TO DO: Repeat each entry exactly. Drop every image.

DATA EXTRACT:
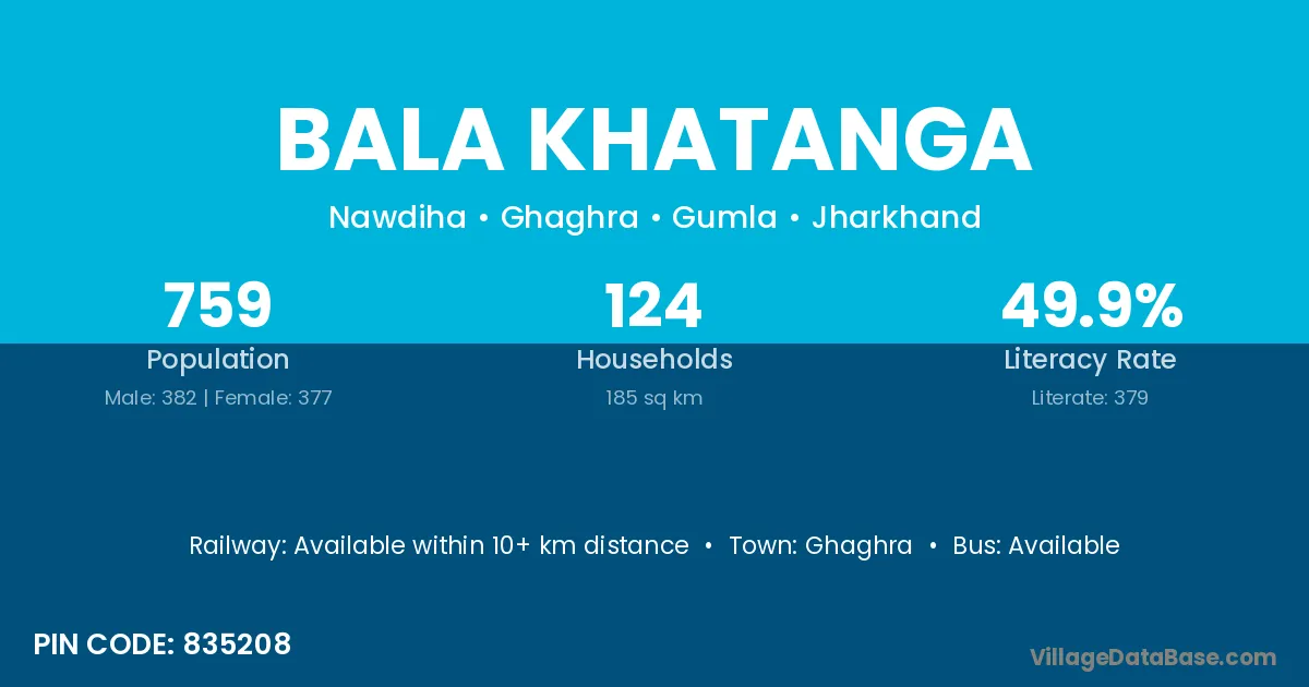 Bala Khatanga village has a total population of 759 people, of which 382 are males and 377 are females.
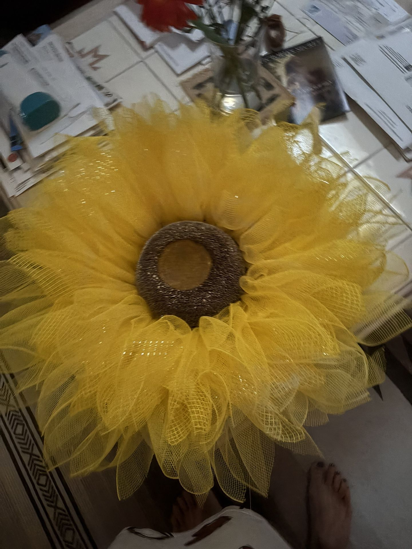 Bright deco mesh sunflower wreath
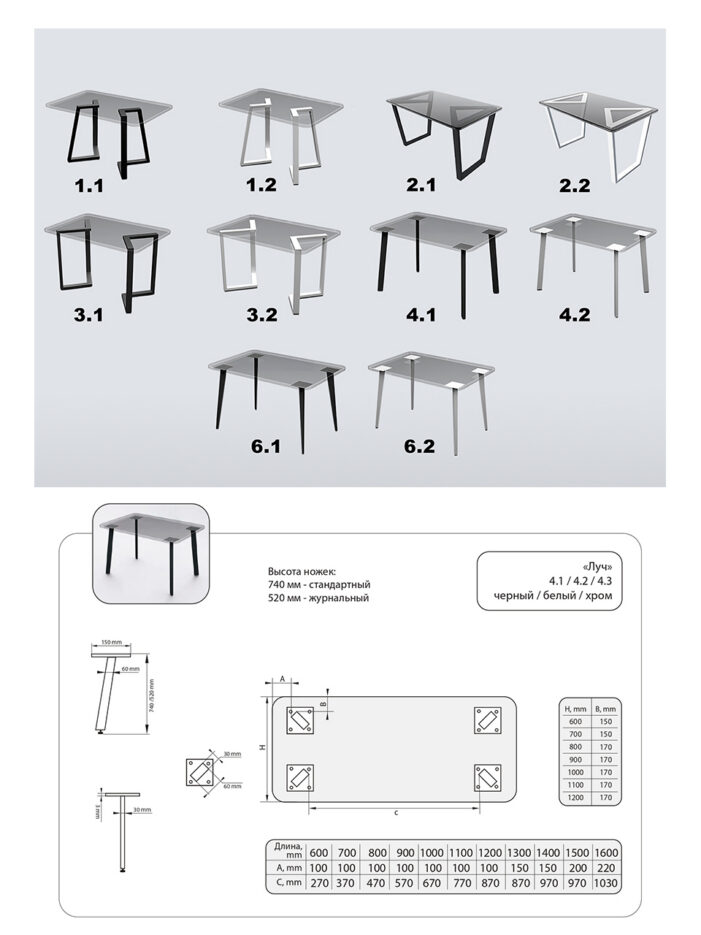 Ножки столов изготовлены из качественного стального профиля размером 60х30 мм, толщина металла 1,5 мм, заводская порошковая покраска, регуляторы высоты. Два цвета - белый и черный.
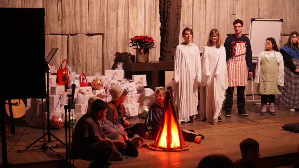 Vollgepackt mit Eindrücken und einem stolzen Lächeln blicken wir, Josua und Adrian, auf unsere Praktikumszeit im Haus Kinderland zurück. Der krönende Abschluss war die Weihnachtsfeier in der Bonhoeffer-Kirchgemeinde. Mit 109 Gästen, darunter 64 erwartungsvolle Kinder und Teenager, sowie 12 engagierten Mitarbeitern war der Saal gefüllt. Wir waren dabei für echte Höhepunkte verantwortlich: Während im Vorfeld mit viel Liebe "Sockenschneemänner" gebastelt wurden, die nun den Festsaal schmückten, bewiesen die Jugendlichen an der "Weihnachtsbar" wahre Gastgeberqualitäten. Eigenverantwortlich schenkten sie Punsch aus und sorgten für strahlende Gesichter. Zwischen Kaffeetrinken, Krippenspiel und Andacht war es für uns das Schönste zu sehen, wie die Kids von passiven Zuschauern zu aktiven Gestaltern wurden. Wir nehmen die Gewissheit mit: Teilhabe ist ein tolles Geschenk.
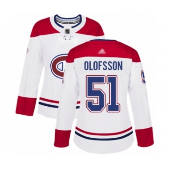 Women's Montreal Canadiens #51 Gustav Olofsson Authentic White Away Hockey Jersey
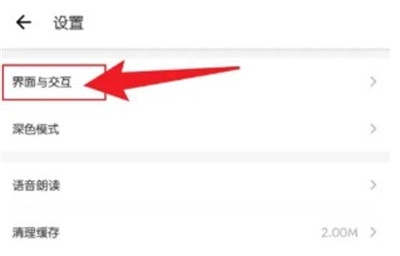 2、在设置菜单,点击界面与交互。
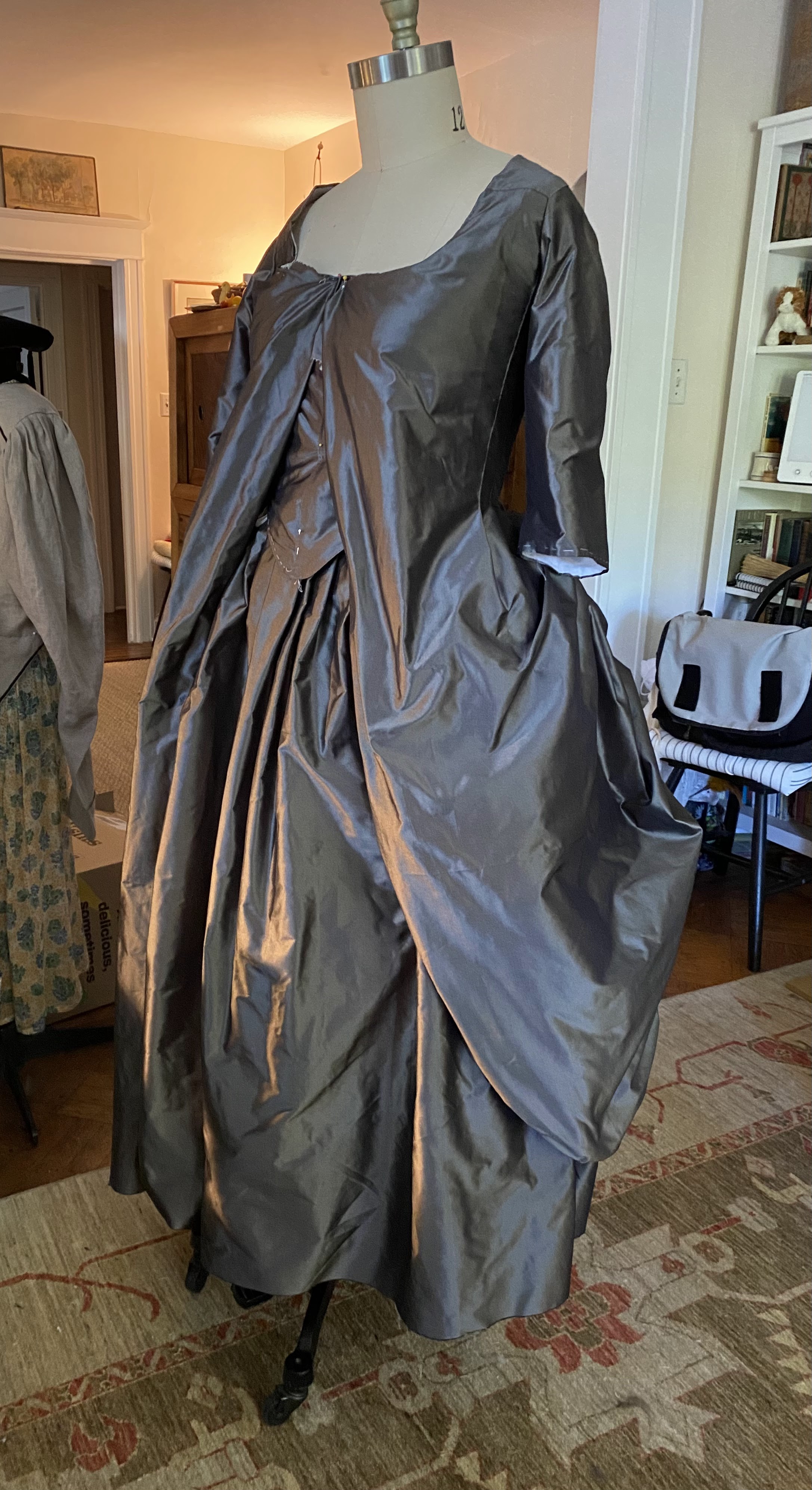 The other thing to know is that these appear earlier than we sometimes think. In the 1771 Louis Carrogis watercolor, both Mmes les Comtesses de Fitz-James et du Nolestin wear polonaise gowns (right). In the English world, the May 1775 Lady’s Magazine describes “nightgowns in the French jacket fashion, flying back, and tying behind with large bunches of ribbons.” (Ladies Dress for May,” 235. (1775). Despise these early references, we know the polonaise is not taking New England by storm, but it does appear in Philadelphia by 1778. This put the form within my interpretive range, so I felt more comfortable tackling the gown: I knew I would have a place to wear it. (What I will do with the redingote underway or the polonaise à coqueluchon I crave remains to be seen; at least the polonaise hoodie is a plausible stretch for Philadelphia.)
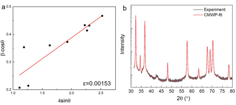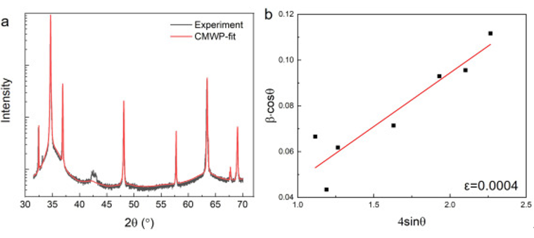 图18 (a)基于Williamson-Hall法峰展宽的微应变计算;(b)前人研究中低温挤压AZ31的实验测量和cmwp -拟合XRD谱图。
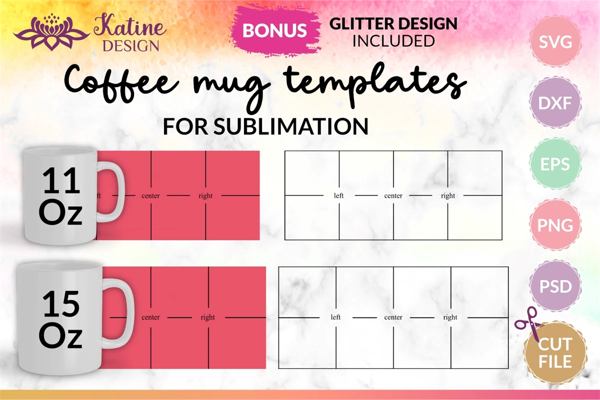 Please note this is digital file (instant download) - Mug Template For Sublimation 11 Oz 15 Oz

YOUR SOLUTION:
 Bala Khatanga village has a total population of 759 people, of which 382 are males and 377 are females.
 Bright deco mesh sunflower wreath
 Ножки столов изготовлены из качественного стального профиля размером 60х30 мм, толщина металла 1,5 мм, заводская порошковая покраска, регуляторы высоты. Два цвета - белый и черный.
 Vollgepackt mit Eindrücken und einem stolzen Lächeln blicken wir, Josua und Adrian, auf unsere Praktikumszeit im Haus Kinderland zurück. Der krönende Abschluss war die Weihnachtsfeier in der Bonhoeffer-Kirchgemeinde. Mit 109 Gästen, darunter 64 erwartungsvolle Kinder und Teenager, sowie 12 engagierten Mitarbeitern war der Saal gefüllt. Wir waren dabei für echte Höhepunkte verantwortlich: Während im Vorfeld mit viel Liebe "Sockenschneemänner" gebastelt wurden, die nun den Festsaal schmückten, bewiesen die Jugendlichen an der "Weihnachtsbar" wahre Gastgeberqualitäten. Eigenverantwortlich schenkten sie Punsch aus und sorgten für strahlende Gesichter. Zwischen Kaffeetrinken, Krippenspiel und Andacht war es für uns das Schönste zu sehen, wie die Kids von passiven Zuschauern zu aktiven Gestaltern wurden. Wir nehmen die Gewissheit mit: Teilhabe ist ein tolles Geschenk.
 Women's Montreal Canadiens #51 Gustav Olofsson Authentic White Away Hockey Jersey
 2、在设置菜单,点击界面与交互。
 The other thing to know is that these appear earlier than we sometimes think. In the 1771 Louis Carrogis watercolor, both Mmes les Comtesses de Fitz-James et du Nolestin wear polonaise gowns (right). In the English world, the May 1775 Lady’s Magazine describes “nightgowns in the French jacket fashion, flying back, and tying behind with large bunches of ribbons.” (Ladies Dress for May,” 235. (1775). Despise these early references, we know the polonaise is not taking New England by storm, but it does appear in Philadelphia by 1778. This put the form within my interpretive range, so I felt more comfortable tackling the gown: I knew I would have a place to wear it. (What I will do with the redingote underway or the polonaise à coqueluchon I crave remains to be seen; at least the polonaise hoodie is a plausible stretch for Philadelphia.)
 图18 (a)基于Williamson-Hall法峰展宽的微应变计算;(b)前人研究中低温挤压AZ31的实验测量和cmwp -拟合XRD谱图。
 Please note this is digital file (instant download) - Mug Template For Sublimation 11 Oz 15 Oz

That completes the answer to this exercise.